**Task brief:**
Repeat the listing in full, exactly as it stands.

**Available records:**
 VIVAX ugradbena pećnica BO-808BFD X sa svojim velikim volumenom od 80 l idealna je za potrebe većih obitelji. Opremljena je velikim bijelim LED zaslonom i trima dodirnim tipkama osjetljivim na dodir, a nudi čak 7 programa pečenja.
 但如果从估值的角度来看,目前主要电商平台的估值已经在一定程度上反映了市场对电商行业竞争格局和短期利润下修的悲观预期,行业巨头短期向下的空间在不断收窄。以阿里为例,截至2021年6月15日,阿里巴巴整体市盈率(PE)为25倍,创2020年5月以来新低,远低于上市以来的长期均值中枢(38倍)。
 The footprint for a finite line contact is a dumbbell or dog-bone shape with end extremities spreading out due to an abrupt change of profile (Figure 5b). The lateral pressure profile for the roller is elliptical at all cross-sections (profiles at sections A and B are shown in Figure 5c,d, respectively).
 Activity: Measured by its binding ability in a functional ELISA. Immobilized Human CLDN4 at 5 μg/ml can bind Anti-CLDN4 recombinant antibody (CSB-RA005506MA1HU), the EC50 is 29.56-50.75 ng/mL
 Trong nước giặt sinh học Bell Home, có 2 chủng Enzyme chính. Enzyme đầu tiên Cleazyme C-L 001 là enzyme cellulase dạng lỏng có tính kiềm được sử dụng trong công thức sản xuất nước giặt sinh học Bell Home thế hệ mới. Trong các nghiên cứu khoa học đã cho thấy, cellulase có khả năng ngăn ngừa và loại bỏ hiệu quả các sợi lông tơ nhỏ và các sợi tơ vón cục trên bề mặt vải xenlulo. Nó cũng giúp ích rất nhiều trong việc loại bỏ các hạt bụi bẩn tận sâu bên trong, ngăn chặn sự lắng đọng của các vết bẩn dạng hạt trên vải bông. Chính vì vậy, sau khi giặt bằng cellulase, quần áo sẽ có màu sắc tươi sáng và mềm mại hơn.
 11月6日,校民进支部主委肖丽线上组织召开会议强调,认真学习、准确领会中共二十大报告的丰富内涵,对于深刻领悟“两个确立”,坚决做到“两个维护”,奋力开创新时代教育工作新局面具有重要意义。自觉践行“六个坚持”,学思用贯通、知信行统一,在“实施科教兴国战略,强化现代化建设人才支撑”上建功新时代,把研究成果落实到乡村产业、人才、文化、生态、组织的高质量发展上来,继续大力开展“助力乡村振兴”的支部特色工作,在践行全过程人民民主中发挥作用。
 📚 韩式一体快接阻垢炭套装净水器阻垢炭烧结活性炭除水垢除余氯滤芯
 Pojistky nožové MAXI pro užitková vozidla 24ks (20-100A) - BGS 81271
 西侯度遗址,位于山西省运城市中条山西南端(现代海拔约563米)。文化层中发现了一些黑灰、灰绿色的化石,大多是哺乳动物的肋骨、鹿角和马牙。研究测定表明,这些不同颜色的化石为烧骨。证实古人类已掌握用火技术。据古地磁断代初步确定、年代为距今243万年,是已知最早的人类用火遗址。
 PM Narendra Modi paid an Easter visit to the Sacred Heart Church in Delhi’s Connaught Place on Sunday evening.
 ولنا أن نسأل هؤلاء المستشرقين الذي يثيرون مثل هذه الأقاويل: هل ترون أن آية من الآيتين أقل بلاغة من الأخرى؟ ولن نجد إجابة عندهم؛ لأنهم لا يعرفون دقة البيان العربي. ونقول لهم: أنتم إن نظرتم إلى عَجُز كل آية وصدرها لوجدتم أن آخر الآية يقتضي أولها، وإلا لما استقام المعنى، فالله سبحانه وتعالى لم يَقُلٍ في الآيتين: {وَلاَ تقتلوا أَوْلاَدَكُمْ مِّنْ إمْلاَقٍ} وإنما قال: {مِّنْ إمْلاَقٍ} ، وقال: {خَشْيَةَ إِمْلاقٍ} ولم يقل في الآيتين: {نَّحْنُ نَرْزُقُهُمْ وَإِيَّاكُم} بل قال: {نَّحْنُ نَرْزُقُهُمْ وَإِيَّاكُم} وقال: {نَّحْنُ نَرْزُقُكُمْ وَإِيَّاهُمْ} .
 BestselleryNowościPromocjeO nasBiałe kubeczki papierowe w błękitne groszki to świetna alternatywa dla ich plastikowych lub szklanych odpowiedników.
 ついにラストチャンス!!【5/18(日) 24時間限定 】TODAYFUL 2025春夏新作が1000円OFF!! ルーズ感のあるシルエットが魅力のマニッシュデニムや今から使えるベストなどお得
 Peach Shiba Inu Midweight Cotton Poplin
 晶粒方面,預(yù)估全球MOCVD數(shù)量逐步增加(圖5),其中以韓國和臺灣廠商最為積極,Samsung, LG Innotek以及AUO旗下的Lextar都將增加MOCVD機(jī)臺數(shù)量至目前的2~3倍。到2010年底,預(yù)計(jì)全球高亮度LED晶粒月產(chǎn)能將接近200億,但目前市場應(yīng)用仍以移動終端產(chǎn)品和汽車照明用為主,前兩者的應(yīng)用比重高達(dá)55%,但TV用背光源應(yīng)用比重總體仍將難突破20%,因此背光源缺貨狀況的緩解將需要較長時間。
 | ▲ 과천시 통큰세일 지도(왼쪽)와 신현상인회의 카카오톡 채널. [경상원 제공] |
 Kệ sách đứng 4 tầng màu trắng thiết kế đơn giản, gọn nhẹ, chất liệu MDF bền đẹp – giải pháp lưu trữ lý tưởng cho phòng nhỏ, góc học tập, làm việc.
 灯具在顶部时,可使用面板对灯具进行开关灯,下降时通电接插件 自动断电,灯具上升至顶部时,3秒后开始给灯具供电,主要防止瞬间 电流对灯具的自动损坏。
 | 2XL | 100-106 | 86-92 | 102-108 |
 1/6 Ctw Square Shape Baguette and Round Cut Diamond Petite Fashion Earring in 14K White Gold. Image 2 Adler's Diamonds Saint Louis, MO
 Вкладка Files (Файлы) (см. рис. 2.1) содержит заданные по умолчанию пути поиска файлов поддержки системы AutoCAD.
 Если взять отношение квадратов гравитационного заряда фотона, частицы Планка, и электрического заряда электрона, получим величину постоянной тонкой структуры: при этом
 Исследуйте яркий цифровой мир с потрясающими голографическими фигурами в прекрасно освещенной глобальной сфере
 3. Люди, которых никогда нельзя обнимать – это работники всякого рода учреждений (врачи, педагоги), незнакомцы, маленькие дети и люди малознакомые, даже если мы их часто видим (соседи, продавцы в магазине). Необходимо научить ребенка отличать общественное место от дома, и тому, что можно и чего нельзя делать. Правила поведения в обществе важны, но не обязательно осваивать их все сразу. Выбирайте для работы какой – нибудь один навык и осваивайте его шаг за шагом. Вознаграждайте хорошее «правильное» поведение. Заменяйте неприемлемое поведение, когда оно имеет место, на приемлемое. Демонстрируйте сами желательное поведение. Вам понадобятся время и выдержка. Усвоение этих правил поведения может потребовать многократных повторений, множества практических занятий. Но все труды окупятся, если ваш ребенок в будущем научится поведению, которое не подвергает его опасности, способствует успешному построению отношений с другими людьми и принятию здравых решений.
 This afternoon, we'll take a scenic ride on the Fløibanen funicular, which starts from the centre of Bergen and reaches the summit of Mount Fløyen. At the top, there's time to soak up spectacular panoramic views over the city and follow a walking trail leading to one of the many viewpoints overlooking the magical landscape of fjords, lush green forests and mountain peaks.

**Response area:**
 VIVAX ugradbena pećnica BO-808BFD X sa svojim velikim volumenom od 80 l idealna je za potrebe većih obitelji. Opremljena je velikim bijelim LED zaslonom i trima dodirnim tipkama osjetljivim na dodir, a nudi čak 7 programa pečenja.
 但如果从估值的角度来看,目前主要电商平台的估值已经在一定程度上反映了市场对电商行业竞争格局和短期利润下修的悲观预期,行业巨头短期向下的空间在不断收窄。以阿里为例,截至2021年6月15日,阿里巴巴整体市盈率(PE)为25倍,创2020年5月以来新低,远低于上市以来的长期均值中枢(38倍)。
 The footprint for a finite line contact is a dumbbell or dog-bone shape with end extremities spreading out due to an abrupt change of profile (Figure 5b). The lateral pressure profile for the roller is elliptical at all cross-sections (profiles at sections A and B are shown in Figure 5c,d, respectively).
 Activity: Measured by its binding ability in a functional ELISA. Immobilized Human CLDN4 at 5 μg/ml can bind Anti-CLDN4 recombinant antibody (CSB-RA005506MA1HU), the EC50 is 29.56-50.75 ng/mL
 Trong nước giặt sinh học Bell Home, có 2 chủng Enzyme chính. Enzyme đầu tiên Cleazyme C-L 001 là enzyme cellulase dạng lỏng có tính kiềm được sử dụng trong công thức sản xuất nước giặt sinh học Bell Home thế hệ mới. Trong các nghiên cứu khoa học đã cho thấy, cellulase có khả năng ngăn ngừa và loại bỏ hiệu quả các sợi lông tơ nhỏ và các sợi tơ vón cục trên bề mặt vải xenlulo. Nó cũng giúp ích rất nhiều trong việc loại bỏ các hạt bụi bẩn tận sâu bên trong, ngăn chặn sự lắng đọng của các vết bẩn dạng hạt trên vải bông. Chính vì vậy, sau khi giặt bằng cellulase, quần áo sẽ có màu sắc tươi sáng và mềm mại hơn.
 11月6日,校民进支部主委肖丽线上组织召开会议强调,认真学习、准确领会中共二十大报告的丰富内涵,对于深刻领悟“两个确立”,坚决做到“两个维护”,奋力开创新时代教育工作新局面具有重要意义。自觉践行“六个坚持”,学思用贯通、知信行统一,在“实施科教兴国战略,强化现代化建设人才支撑”上建功新时代,把研究成果落实到乡村产业、人才、文化、生态、组织的高质量发展上来,继续大力开展“助力乡村振兴”的支部特色工作,在践行全过程人民民主中发挥作用。
 📚 韩式一体快接阻垢炭套装净水器阻垢炭烧结活性炭除水垢除余氯滤芯
 Pojistky nožové MAXI pro užitková vozidla 24ks (20-100A) - BGS 81271
 西侯度遗址,位于山西省运城市中条山西南端(现代海拔约563米)。文化层中发现了一些黑灰、灰绿色的化石,大多是哺乳动物的肋骨、鹿角和马牙。研究测定表明,这些不同颜色的化石为烧骨。证实古人类已掌握用火技术。据古地磁断代初步确定、年代为距今243万年,是已知最早的人类用火遗址。
 PM Narendra Modi paid an Easter visit to the Sacred Heart Church in Delhi’s Connaught Place on Sunday evening.
 ولنا أن نسأل هؤلاء المستشرقين الذي يثيرون مثل هذه الأقاويل: هل ترون أن آية من الآيتين أقل بلاغة من الأخرى؟ ولن نجد إجابة عندهم؛ لأنهم لا يعرفون دقة البيان العربي. ونقول لهم: أنتم إن نظرتم إلى عَجُز كل آية وصدرها لوجدتم أن آخر الآية يقتضي أولها، وإلا لما استقام المعنى، فالله سبحانه وتعالى لم يَقُلٍ في الآيتين: {وَلاَ تقتلوا أَوْلاَدَكُمْ مِّنْ إمْلاَقٍ} وإنما قال: {مِّنْ إمْلاَقٍ} ، وقال: {خَشْيَةَ إِمْلاقٍ} ولم يقل في الآيتين: {نَّحْنُ نَرْزُقُهُمْ وَإِيَّاكُم} بل قال: {نَّحْنُ نَرْزُقُهُمْ وَإِيَّاكُم} وقال: {نَّحْنُ نَرْزُقُكُمْ وَإِيَّاهُمْ} .
 BestselleryNowościPromocjeO nasBiałe kubeczki papierowe w błękitne groszki to świetna alternatywa dla ich plastikowych lub szklanych odpowiedników.
 ついにラストチャンス!!【5/18(日) 24時間限定 】TODAYFUL 2025春夏新作が1000円OFF!! ルーズ感のあるシルエットが魅力のマニッシュデニムや今から使えるベストなどお得
 Peach Shiba Inu Midweight Cotton Poplin
 晶粒方面,預(yù)估全球MOCVD數(shù)量逐步增加(圖5),其中以韓國和臺灣廠商最為積極,Samsung, LG Innotek以及AUO旗下的Lextar都將增加MOCVD機(jī)臺數(shù)量至目前的2~3倍。到2010年底,預(yù)計(jì)全球高亮度LED晶粒月產(chǎn)能將接近200億,但目前市場應(yīng)用仍以移動終端產(chǎn)品和汽車照明用為主,前兩者的應(yīng)用比重高達(dá)55%,但TV用背光源應(yīng)用比重總體仍將難突破20%,因此背光源缺貨狀況的緩解將需要較長時間。
 | ▲ 과천시 통큰세일 지도(왼쪽)와 신현상인회의 카카오톡 채널. [경상원 제공] |
 Kệ sách đứng 4 tầng màu trắng thiết kế đơn giản, gọn nhẹ, chất liệu MDF bền đẹp – giải pháp lưu trữ lý tưởng cho phòng nhỏ, góc học tập, làm việc.
 灯具在顶部时,可使用面板对灯具进行开关灯,下降时通电接插件 自动断电,灯具上升至顶部时,3秒后开始给灯具供电,主要防止瞬间 电流对灯具的自动损坏。
 | 2XL | 100-106 | 86-92 | 102-108 |
 1/6 Ctw Square Shape Baguette and Round Cut Diamond Petite Fashion Earring in 14K White Gold. Image 2 Adler's Diamonds Saint Louis, MO
 Вкладка Files (Файлы) (см. рис. 2.1) содержит заданные по умолчанию пути поиска файлов поддержки системы AutoCAD.
 Если взять отношение квадратов гравитационного заряда фотона, частицы Планка, и электрического заряда электрона, получим величину постоянной тонкой структуры: при этом
 Исследуйте яркий цифровой мир с потрясающими голографическими фигурами в прекрасно освещенной глобальной сфере
 3. Люди, которых никогда нельзя обнимать – это работники всякого рода учреждений (врачи, педагоги), незнакомцы, маленькие дети и люди малознакомые, даже если мы их часто видим (соседи, продавцы в магазине). Необходимо научить ребенка отличать общественное место от дома, и тому, что можно и чего нельзя делать. Правила поведения в обществе важны, но не обязательно осваивать их все сразу. Выбирайте для работы какой – нибудь один навык и осваивайте его шаг за шагом. Вознаграждайте хорошее «правильное» поведение. Заменяйте неприемлемое поведение, когда оно имеет место, на приемлемое. Демонстрируйте сами желательное поведение. Вам понадобятся время и выдержка. Усвоение этих правил поведения может потребовать многократных повторений, множества практических занятий. Но все труды окупятся, если ваш ребенок в будущем научится поведению, которое не подвергает его опасности, способствует успешному построению отношений с другими людьми и принятию здравых решений.
 This afternoon, we'll take a scenic ride on the Fløibanen funicular, which starts from the centre of Bergen and reaches the summit of Mount Fløyen. At the top, there's time to soak up spectacular panoramic views over the city and follow a walking trail leading to one of the many viewpoints overlooking the magical landscape of fjords, lush green forests and mountain peaks.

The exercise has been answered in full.